Concretely, what are the elements of $G(X)$? Starting from $X$, first adjoin symbols that will represent the identity in $G(X)$ and inverses for the generating elements: $0, −A, -B, -C, -D$. Now form the set of all abstract finite sums, e.g. $A + B + D + (-B)$. Finally, introduce relations (i.e. define the set of equivalence classes of sums) saying that these elements and sums behave like a commutative group; for example, $A + B + D + (-B) = A + D$.

Since the group is abelian, we can collect terms; for instance, $A + B + A = A + A + B = 2A + B$. So, each element of the free abelian group $G(X)$ can be expressed uniquely as a sum $$ n_AA + n_BB + n_CC + n_DD $$ where each $n_x \in \mathbb{Z}$; in other words, $G(X) = \big\{\sum_{x \in X} n_X X \mid n_x \in \mathbb{Z} \big\}$. Therefore, you can easily see that $G(X) \simeq \mathbb{Z} \times \mathbb{Z} \times \mathbb{Z} \times \mathbb{Z}$, where the group operation is the pointwise addition and the neutral element is $(0,0,0,0)$.

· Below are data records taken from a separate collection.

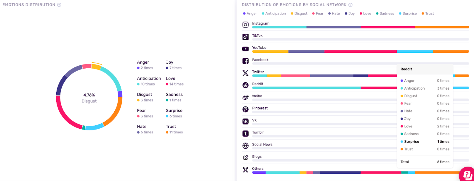 For instance, you’ll be able to see if there’s an increase in positive sentiment after launching your campaign. Or what emotions are expressed when people mention your brand, and how the patterns change over time. Do you see an increase in mentions that express anticipation after a certain influencer’s post goes live?
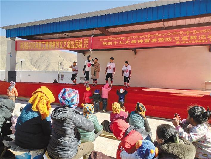 西熱組織大學生在基層開展防治艾滋病公益宣傳和文藝演出活動。
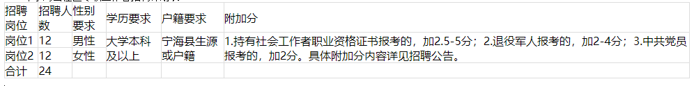 2024年寧??h社區(qū)專職工作者招聘計劃表
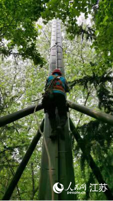 在常州洛陽鎮(zhèn),移動網(wǎng)絡建設人員爬上35米高的通信塔安裝5G設備。江蘇移動供圖
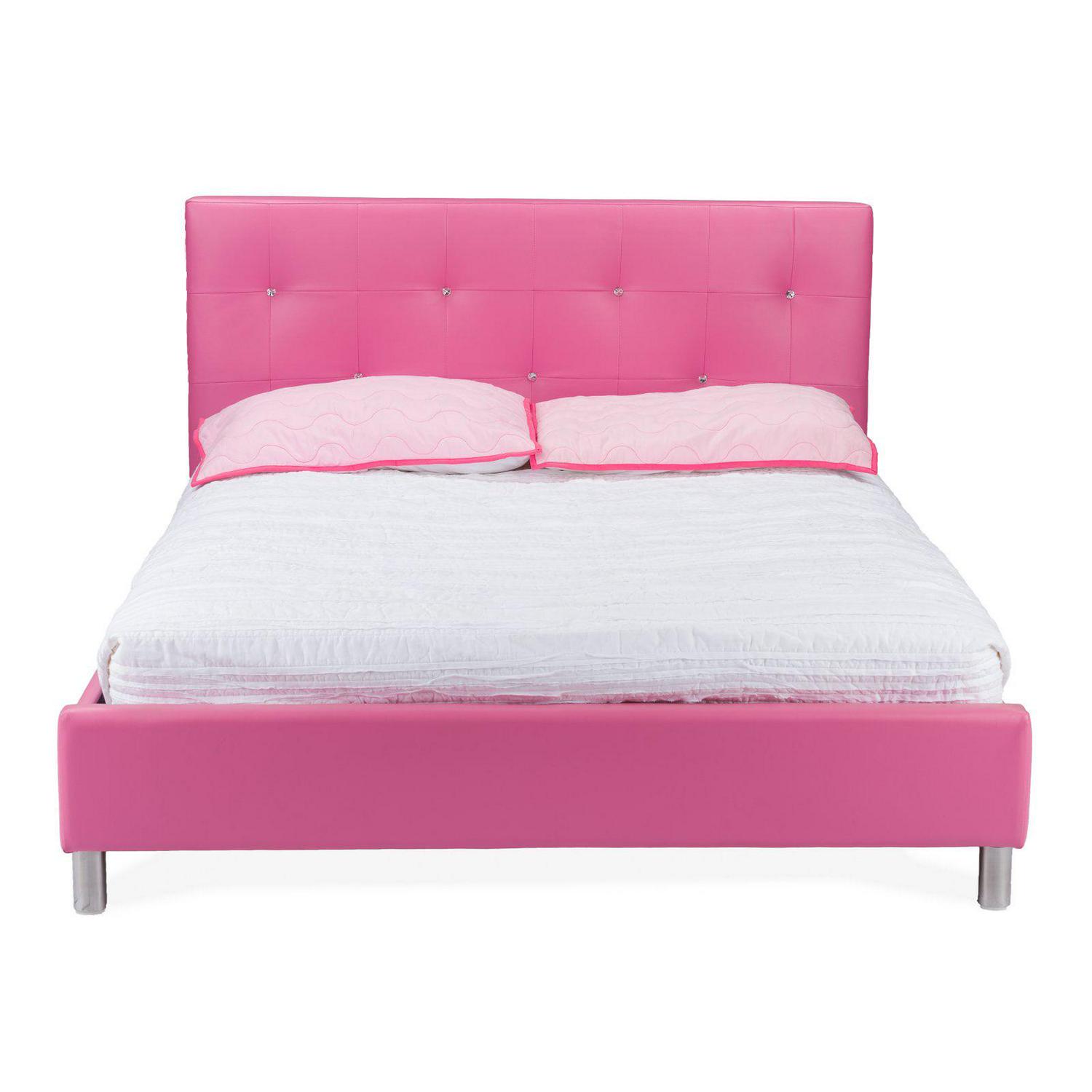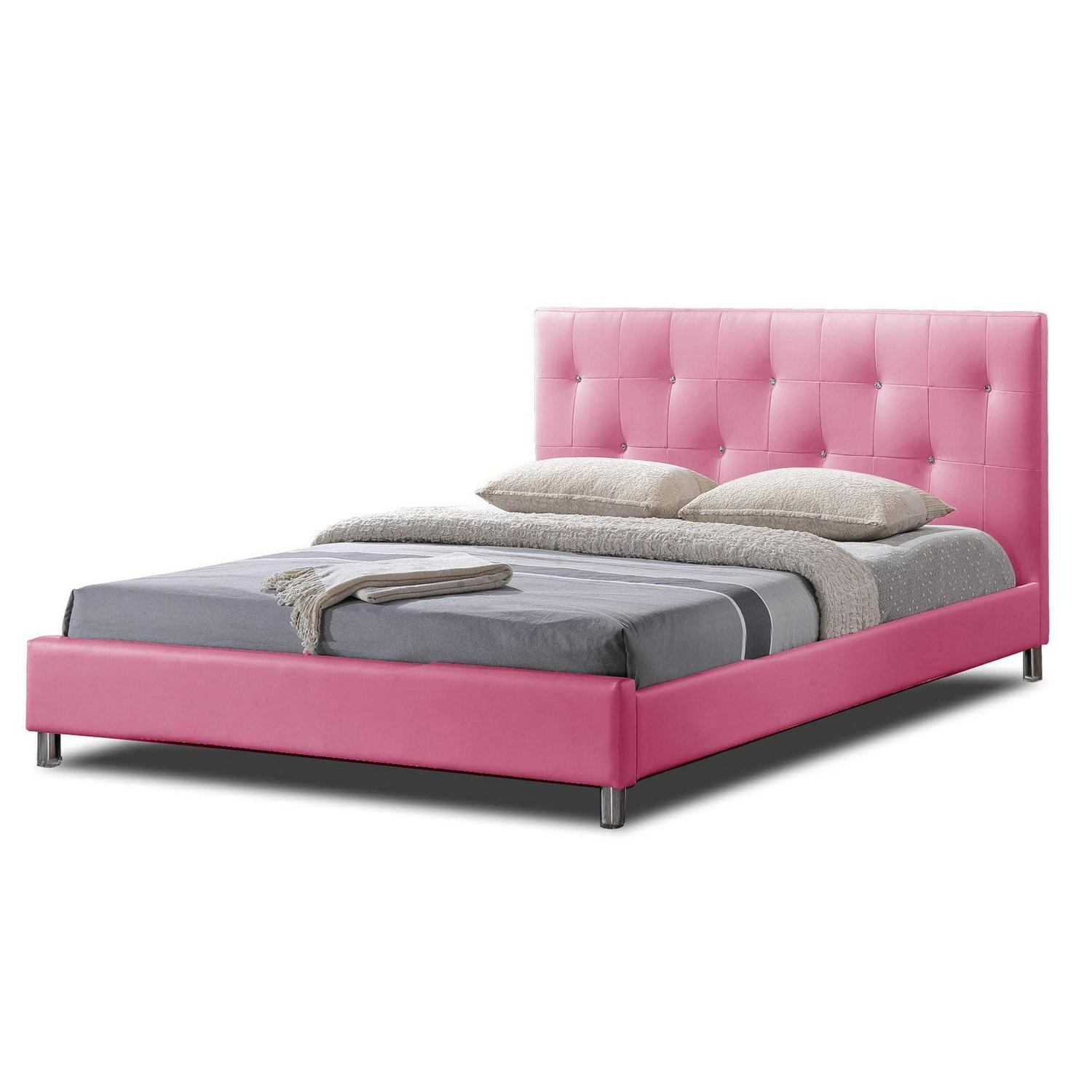 The sparkling gleam of the multi-faceted faux crystal buttons that regally stud the tufted headboard of our Barbara Modern Platform Bed thoroughly befits a stylish, trendy bedroom. Made with soft pink faux leather overlapping a foam-padded frame with hardwood, plywood, and MDF, this Malaysian-built creation sleeps like a dream. The full-sized platform bed, which requires only a mattress, comes with wooden slats that serve the same function as a box spring would. Silver metal legs finish off this spectacular piece of modern bedroom furniture. To clean, wipe with a damp cloth. Assembly is required.
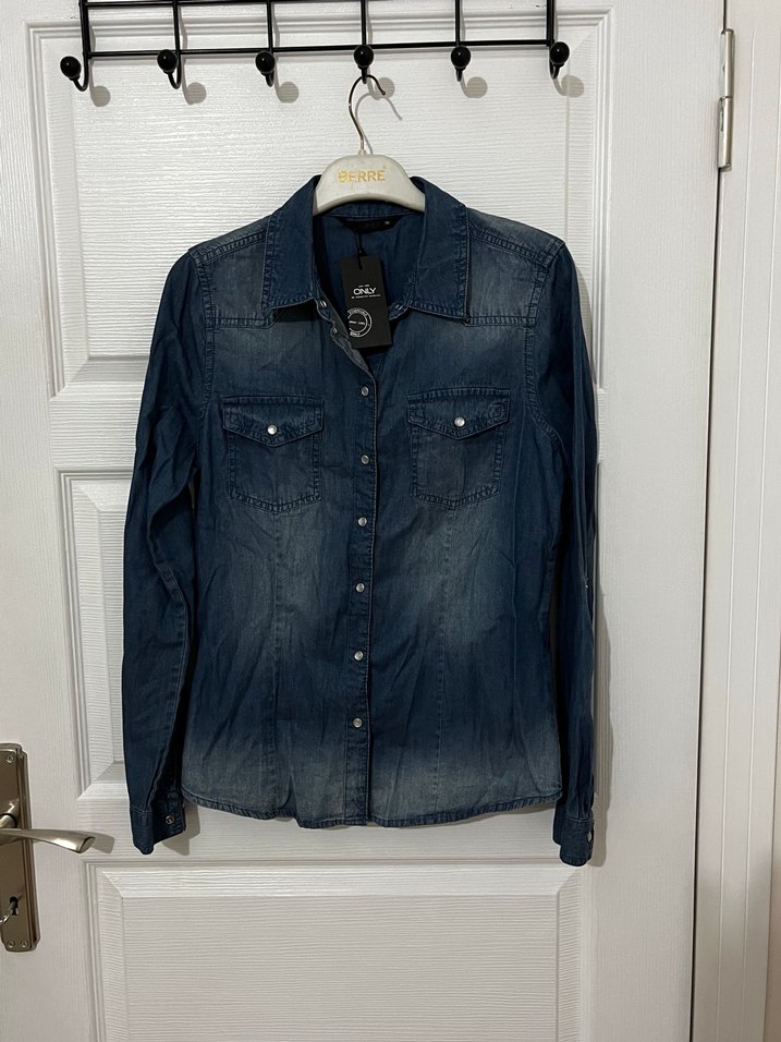 Lacivert renkte, uzun kollu ve yakalı denim gömlek. Düğmeli ön kısmı ve hafif batik deseni ile günlük kullanıma uygun.
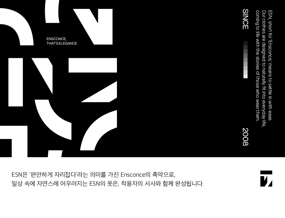 이에스엔(ESN)은 심플함과 모던함을 중심으로 트렌드를 대중적으로 해석하여 미니멀한 무드를 각각의 아이템에 풀어내며, 합리적인 가격으로 퀄리티 높은 제품을 소비자에게 제안하는 미니멀 컨템포러리 브랜드입니다.
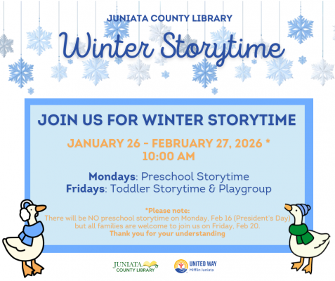 *As always, parents or guardians are encouraged to stay and participate in our story time programs. Siblings, younger or older, are also welcome to attend if they do not distract from the program.
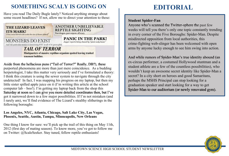 ParkerPOV Viral Reveals Parker’s Schedule and the Hunt for The Lizard Michael Lee, May 7, 2012May 10, 2012 The Amazing Spider-Man is turning out to be the viral that we here at MovieViral have been waiting for. Like The Dark Knight viral that ran a few years back, fans of the franchise and viral enthusiasts are looking forward to the next great update for the highly anticipated movie. But this isn’t the Manhattan Police asking for your help in looking for and apprehending Spider-Man. It’s Spider-man asking you for help to find the Lizard. Hit the jump to find out how you can find The Lizard and some more goodies.A new image was posted at ParkersPOV.com over the weekend. You might have caught the mathematical formula that appeared in the new image. But you don’t need a degree in Mathematics to figure this one out. Just use the simple alpha-numeric key (A=1, B=2, C=3 etc.) to decipher the code.But if you don’t want to do that now, the series of letters are the words “PPARKER” and “DEEPFOCUS”. So using PPARKER as the login and DEEPFOCUS as the password on the the newly launched Midtown Science High School website, you can get your geek stalking on because the Peter Parker’s schedule will be revealed to you. But if you want to actively participate in a viral, then this next bit is just for you. The MSHS is a vital piece of The Amazing Spider-Man viral campaign puzzle. A newsletter section on the high school website suggests that visitors follow the @scaleseeker on Twitter. @scaleseeker seems to be the high school conspiracy theorist of Midtown Science High school and on Friday at noon will reveal the details about the hunt for the Lizard in 12 cities: Los Angeles, NYC, Atlanta, Chicago, Salt Lake City, Las Vegas, Phoenix, Austin, Tampa, Minneaplis or New Orleans.Obviously there will be much more information about this event leading up to Friday, since there is a limited amount of information on the @scaleseeker’s twitter feed. But I wonder if this viral event will be along the lines of The Mark of the Spider-Man viral that ran a few months back.Be sure to keep up with MovieViral.com for updates as they become available! Don’t forget to take a look back at our archive for the The Amazing Spider-Man viral campaign for any news bits that you might have missed. ARGs & Campaigns News Viral Marketing Viral News Mark of the Spider-ManScaleseekerThe Amazing Spider-Man

In the explanation above, note that actually the nature of the elements of $X$ plays no role, the only relevant information is the number of elements of $X$. Thus, more generally, you can see that given a set $X$ with exactly $n \in \mathbb{N}$ elements, $G(X) \simeq \underbrace{\mathbb{Z} \times \dots \times \mathbb{Z}}_{n \text{ times } \mathbb{Z}}$.

It is the abelian group $ \mathbf Z^{(X)}$ i.e. the set of functions $f:X\rightarrow \mathbf Z$ with finite support. If, as is usual, we represent such a function by its values at each point $x\in X$, it is $$ \mathbf Z^{(X)}=\Bigl\{(n_x)_{x\in X}\mid n_x=0\enspace\text{except for a finite number of them}\Bigr\}.$$

If $|X|=n$, it'is the same as $\mathbf Z^X=\displaystyle\prod_{x\in X}\mathbf Z$ and it's isomorphic to $\mathbf Z^n$.

Note: as an abelian group, the ring of polynomials with integer coefficients is defined as $\mathbf Z^{(\mathbf N)}$, to which one adds an extra multiplicative structure. In contrast, $\mathbf Z^{\mathbf N}$ with the extra multiplicative structure given by the Cauchy product, is the ring of formal power series with integer coefficients.

One way you can think of this in a very elementary and canonical way is that the free abelian group on a finite set such as $\{A,B,C,D\}$ is the group of all functions $$f : \{A,B,C,D\} \to \mathbb{Z} $$ with the operations of pointwise addition and pointwise inverse: given any two such functions, for all $x \in \{A,B,C,D\}$ define $$(f_1+f_2)(x) = f_1(x) + f_2(x) $$ also $$(-f)(x) = -f(x) $$ The identity element, of course, is the constant function $f(x)=0$.

For infinite sets, you have to add one more clause to the definition: for the free abelian group on a set $X$, you do not take all functions $f : X \to \mathbb{Z}$, you take only those functions which satisfy the property that there is a finite subset $Y \subset X$ such that if $x \in X-Y$ then $f(x)=0$.